|Cliff Lee Packman|
Post Number: 219
|Posted on Monday, 21 January, 2013 - 12:06 pm: |
Just thinking aloud. I've just fininshed teaching complex numbers upto roots of unity and De Moivre's theorem.
At the same time I've got to write a Maths Education assignment for university so was thinking of doing it about the teaching of complex numbers in highschool. (I teach IB HL, but I know it also appears in A-Level Further Pure though IB doesn't cover loci problems.)
What I was thinking of was people's ideas of activities to promote students familiarity with complex numbers system?
From my perspective it's a nice topic because of the many links with trigonometry, symmetry and the fact that so much follows logically with relatively little pre-requisite knowledge.
How can we assess inductive reasoning (pattern spotting) in this topic rather than simply using standard techniques?

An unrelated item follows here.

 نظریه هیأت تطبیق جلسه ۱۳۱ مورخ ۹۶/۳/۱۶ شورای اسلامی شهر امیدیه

My other question is that as the roots of unity form a cyclic group does anyone know of any practical use of these groups so as to allow students to practically use complex numbers?

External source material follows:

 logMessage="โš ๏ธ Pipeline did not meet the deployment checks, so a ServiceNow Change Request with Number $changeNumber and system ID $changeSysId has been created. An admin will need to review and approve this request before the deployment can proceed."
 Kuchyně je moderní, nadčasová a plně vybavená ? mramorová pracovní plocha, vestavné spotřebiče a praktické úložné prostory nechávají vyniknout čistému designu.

Hope this makes some sense to people.
Post Number: 4854
|Posted on Friday, 25 January, 2013 - 12:42 pm: |
Any ideas, folks?
I like the choice of topic to explore, Cliff. I haven't actually formally taught complex numbers since the 90s, although I have fond memories of doing them with a Further Maths group who were doing Single Maths concurrently, and whose first encounter with trig double-angle formulae was through de Moivre.